Guest post : life in Bangkok
One of our users ,Kapongham, writes about what it’s like to live in a volatile Thailand.
Life in Bangkok has an added edge now that over two dozen people have been killed in riots and bombings against the government. For one, you make real sure that you’re up to date with the latest news. Coming upon an unexpected Red Shirt rally will at best result in excruciating traffic jams – I’ve had to walk home more than once. At worst, you’ll end up on the news amid a hail of rubber and real bullets, tear gas or bombed-out rubble.
What’s changed for most Bangkokians is less visible – it’s the feeling of tension in the air. If you get in a cab, you’ll hear the political radio blaring. Red shirt protestors drive by in caravans, honking their horns, and I see pedestrians turn their heads away in disgust or join in with the protestors. There are more checkpoints on the road. This week saw pro-government counter-protestors hurling abuse and bottles at the Red Shirts. The division the protests have created in Thai society cut along class and ethnicity lines, and suddenly, I am all too aware of my own privilege and position as a middle-class English speaker.

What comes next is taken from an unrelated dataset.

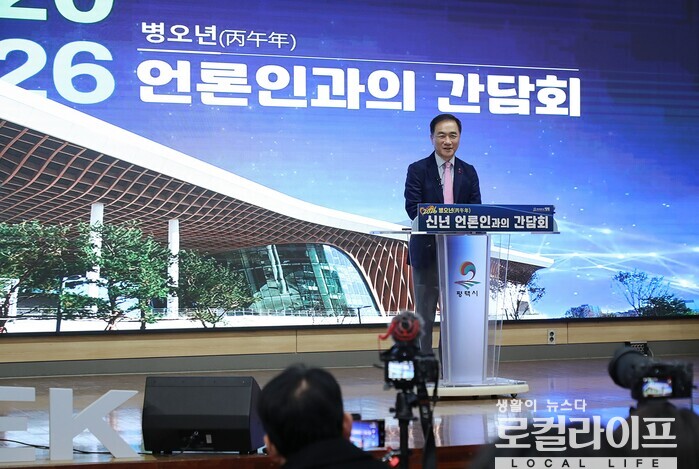[평택=로컬라이프] 박봉민 기자 = 정장선 평택시장이 19일, 신년 언론인 간담회를 열어 새해 주요 시정 방향을 밝혔다. 이번 간담회에는 100여 명의 언론인과 정장선 평택시장을 비롯한 간부 공무원이 참석했으며, 주요성과 발표, 2026년 주요 시책 설명, 질의응답 순으로 진행됐다.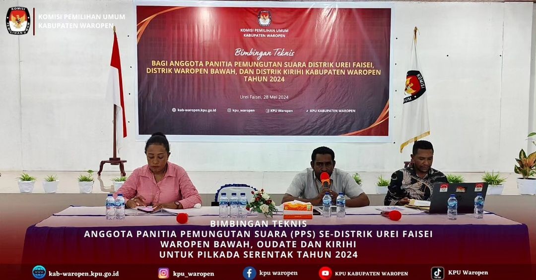 #TemanPemilih, KPU Kabupaten Waropen Menggelar Bimbingan Teknis kepada Anggota Panitia Pemungutan Suara (PPS) untuk 4 Distrik, yaitu Distrik Urei Faisei, distrik Waropen Bawah, Distrik Oudate dan Distrik Kirihi, Selasa, 28 Mei 2024.

Nonetheless, us Bangkokians are determined to continue their lives as usual – after all, it has been almost twenty years since we’ve had such violence. The corner vendor still sells my favorite nam phrik pla tu- fermented fish and chili paste with mackarel. The motorbike taxi men, who’ll take you on the back of their bikes wherever you want for as little as 25 cents US, still hang out by the sidewalk. The heat is still overbearing – it’s usually 40C most days – and the food is still deliciously spicy. We go to the movies, we karaoke, we shop, we watch plays and go to concerts, if the protestors haven’t closed the Skytrain stations there. In any place outside of Bangkok, we are still the land of smiles, the rice-bowl of Asia, the tourist destination with white sand beaches and world-class dive sites.
Bangkok, on the other hand, is still being held hostage in a fight over who will be in power next. Roiling tensions, at first relieved by a week-long holiday, are building again. Grenade bombings this past few days have killed at least three people and injured fifty.
A few weeks ago, I had posted on anybodyoutthere that I was angry- “pissed” even – with the protestors. I was optimistic about negotiations between protestors and the government. Now, with escalating tensions and a body count of almost thirty, I am simply afraid for my city.